> _DATASET_
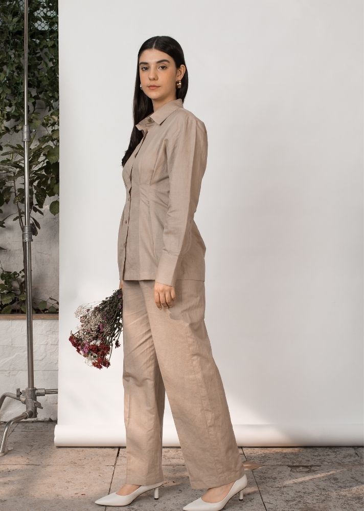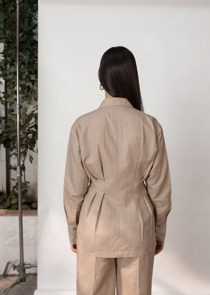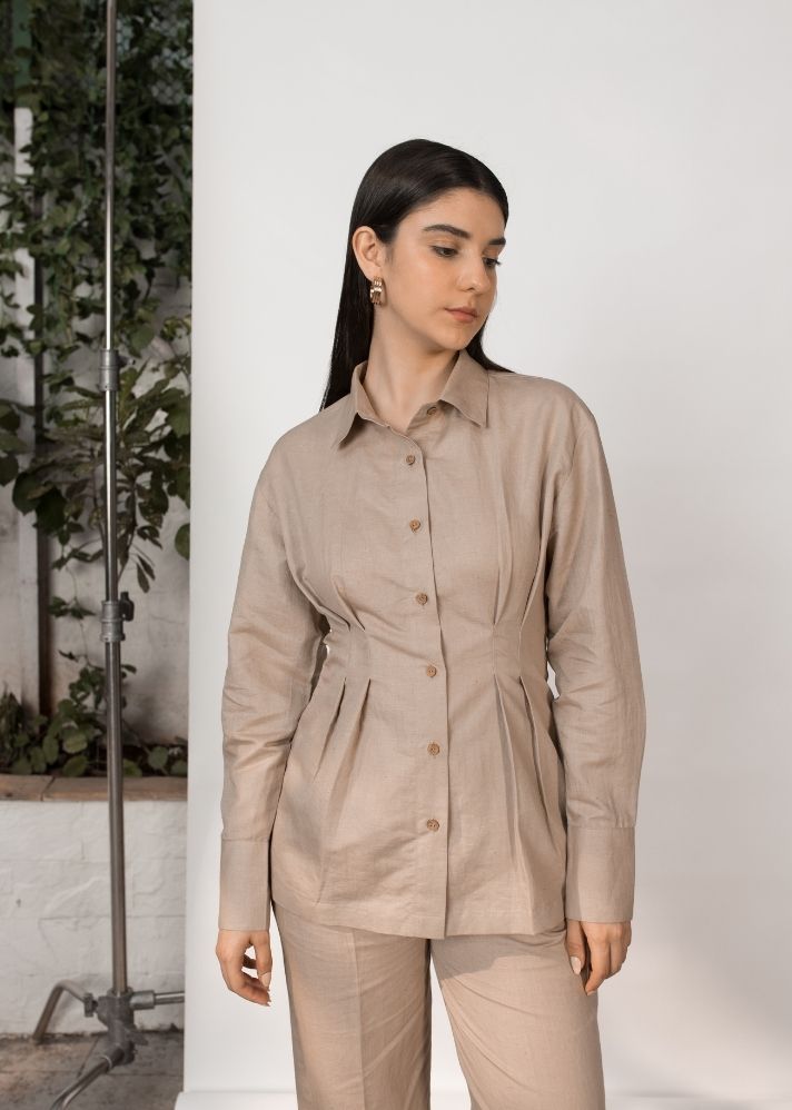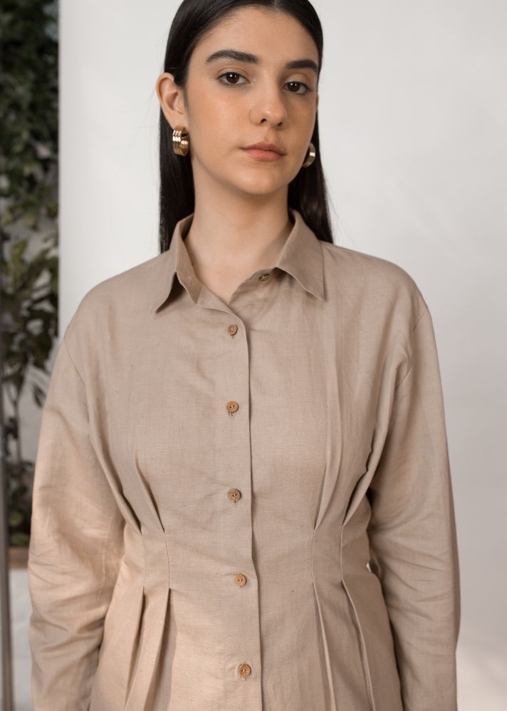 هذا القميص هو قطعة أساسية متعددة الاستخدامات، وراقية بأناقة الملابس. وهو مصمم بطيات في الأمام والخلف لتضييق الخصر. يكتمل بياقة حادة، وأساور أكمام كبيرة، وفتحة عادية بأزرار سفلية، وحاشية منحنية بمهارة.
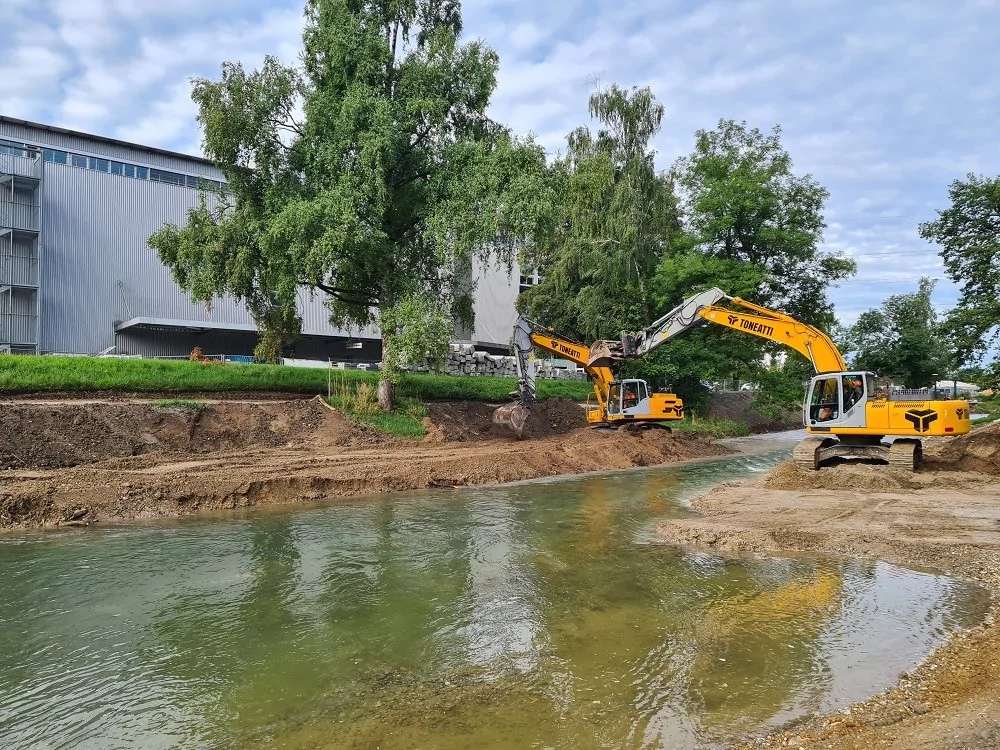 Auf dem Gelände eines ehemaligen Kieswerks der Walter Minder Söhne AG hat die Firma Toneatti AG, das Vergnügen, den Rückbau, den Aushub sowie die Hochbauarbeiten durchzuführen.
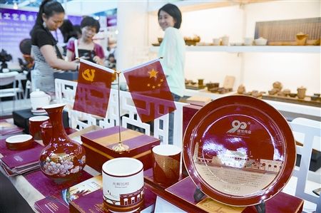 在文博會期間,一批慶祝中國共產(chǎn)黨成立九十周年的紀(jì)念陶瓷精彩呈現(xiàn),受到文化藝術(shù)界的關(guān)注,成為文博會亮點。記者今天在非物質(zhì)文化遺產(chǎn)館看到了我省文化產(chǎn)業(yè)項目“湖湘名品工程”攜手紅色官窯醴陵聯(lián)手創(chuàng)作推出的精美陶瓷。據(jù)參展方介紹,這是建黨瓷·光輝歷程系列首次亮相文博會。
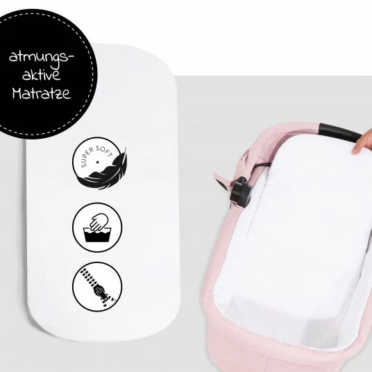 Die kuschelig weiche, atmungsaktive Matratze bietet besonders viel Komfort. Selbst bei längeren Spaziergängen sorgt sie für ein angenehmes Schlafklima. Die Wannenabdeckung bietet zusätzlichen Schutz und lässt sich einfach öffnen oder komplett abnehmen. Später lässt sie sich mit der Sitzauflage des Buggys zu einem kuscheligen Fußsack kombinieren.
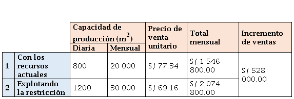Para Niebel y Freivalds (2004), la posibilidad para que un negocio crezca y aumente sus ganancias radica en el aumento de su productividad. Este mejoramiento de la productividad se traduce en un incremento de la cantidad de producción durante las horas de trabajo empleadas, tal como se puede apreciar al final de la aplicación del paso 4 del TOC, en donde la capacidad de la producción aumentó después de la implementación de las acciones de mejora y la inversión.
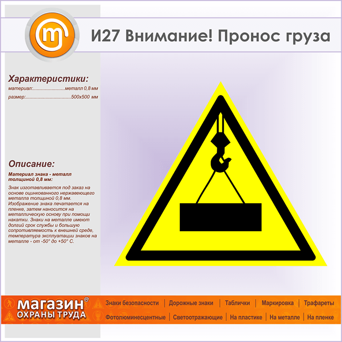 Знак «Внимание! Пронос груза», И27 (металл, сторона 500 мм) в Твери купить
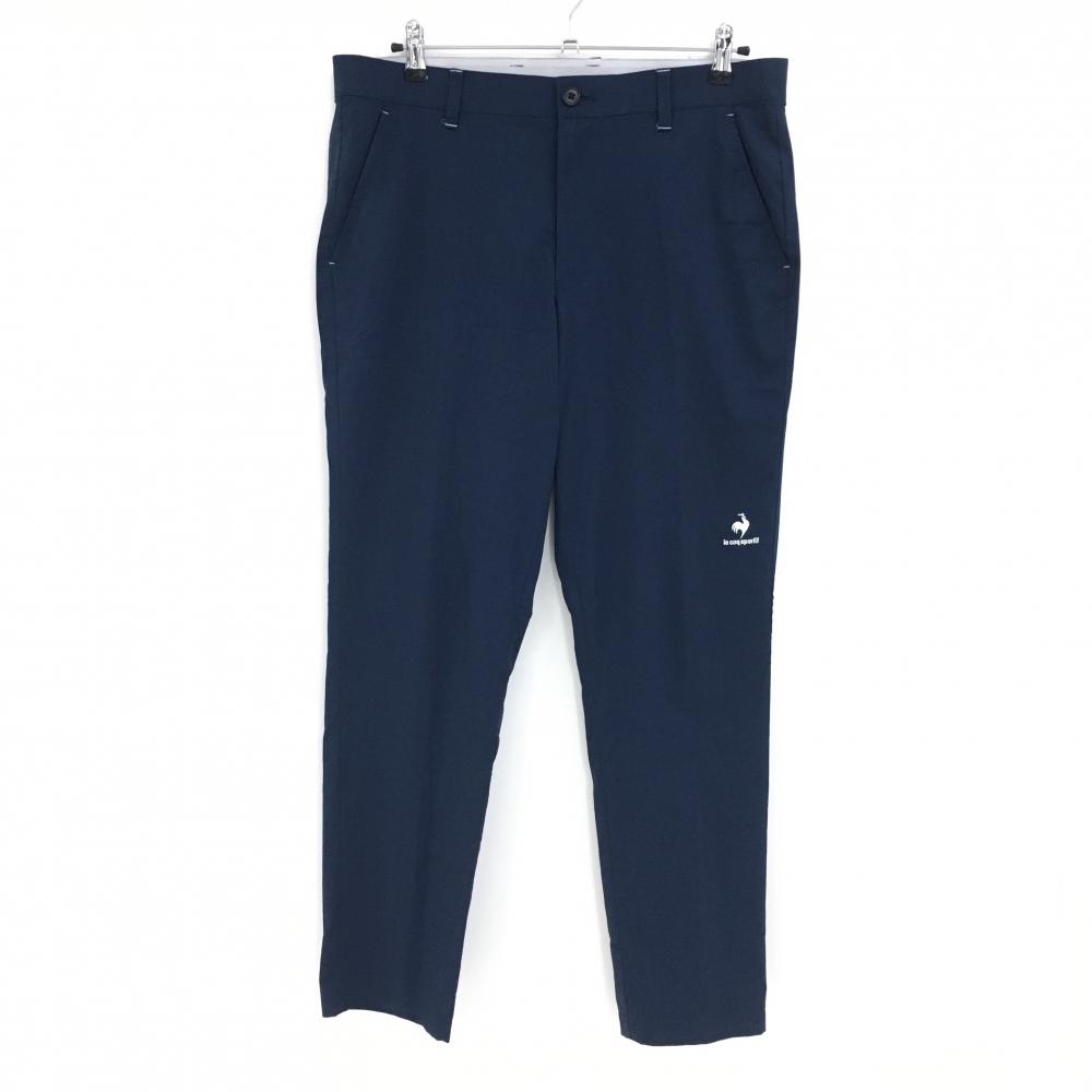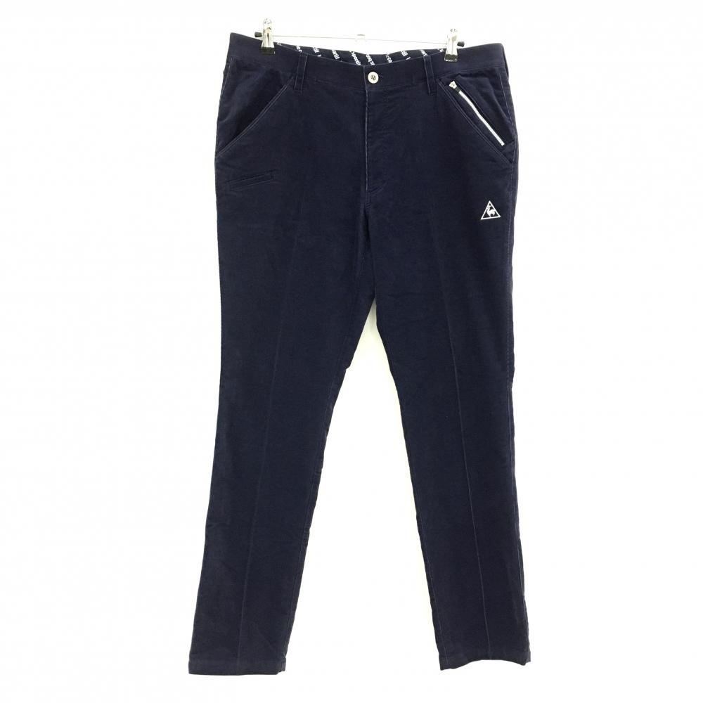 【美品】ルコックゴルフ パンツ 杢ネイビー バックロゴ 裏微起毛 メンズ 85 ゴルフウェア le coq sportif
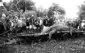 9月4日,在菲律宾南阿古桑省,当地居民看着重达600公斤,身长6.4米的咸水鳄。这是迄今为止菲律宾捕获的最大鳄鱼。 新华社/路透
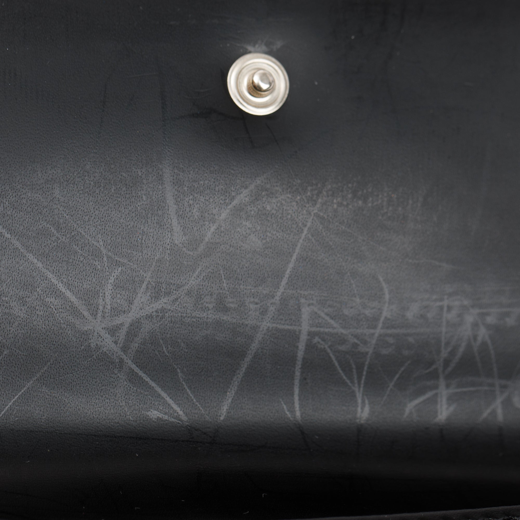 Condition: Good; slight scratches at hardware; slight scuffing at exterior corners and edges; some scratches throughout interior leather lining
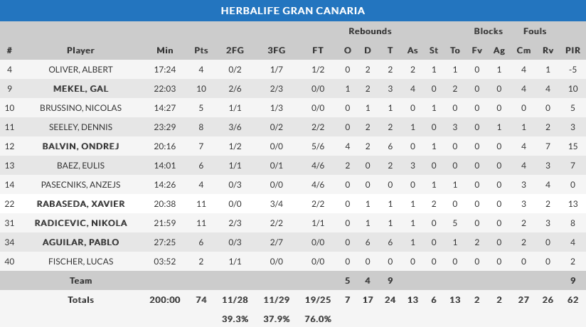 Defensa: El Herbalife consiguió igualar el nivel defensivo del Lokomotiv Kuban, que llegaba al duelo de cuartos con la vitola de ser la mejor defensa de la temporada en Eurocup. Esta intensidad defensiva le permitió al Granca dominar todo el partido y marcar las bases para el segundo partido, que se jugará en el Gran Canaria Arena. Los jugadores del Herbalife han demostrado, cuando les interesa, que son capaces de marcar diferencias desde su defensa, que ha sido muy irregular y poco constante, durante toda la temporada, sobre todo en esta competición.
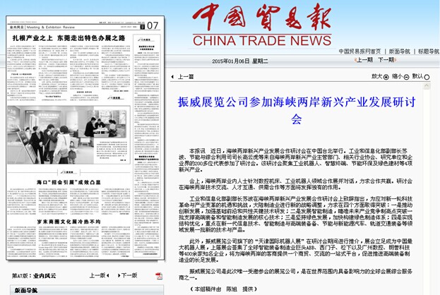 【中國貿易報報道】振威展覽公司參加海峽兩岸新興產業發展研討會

> _ABOUT THIS TASK_
Print the lines from the one that contains "le coq sportif" through the last line of the data, exactly and in full, and no other lines. Pictures are not part of the copy.

> _WRITTEN SOLUTION_
 【美品】ルコックゴルフ パンツ 杢ネイビー バックロゴ 裏微起毛 メンズ 85 ゴルフウェア le coq sportif
 9月4日,在菲律宾南阿古桑省,当地居民看着重达600公斤,身长6.4米的咸水鳄。这是迄今为止菲律宾捕获的最大鳄鱼。 新华社/路透
 Condition: Good; slight scratches at hardware; slight scuffing at exterior corners and edges; some scratches throughout interior leather lining
 Defensa: El Herbalife consiguió igualar el nivel defensivo del Lokomotiv Kuban, que llegaba al duelo de cuartos con la vitola de ser la mejor defensa de la temporada en Eurocup. Esta intensidad defensiva le permitió al Granca dominar todo el partido y marcar las bases para el segundo partido, que se jugará en el Gran Canaria Arena. Los jugadores del Herbalife han demostrado, cuando les interesa, que son capaces de marcar diferencias desde su defensa, que ha sido muy irregular y poco constante, durante toda la temporada, sobre todo en esta competición.
 【中國貿易報報道】振威展覽公司參加海峽兩岸新興產業發展研討會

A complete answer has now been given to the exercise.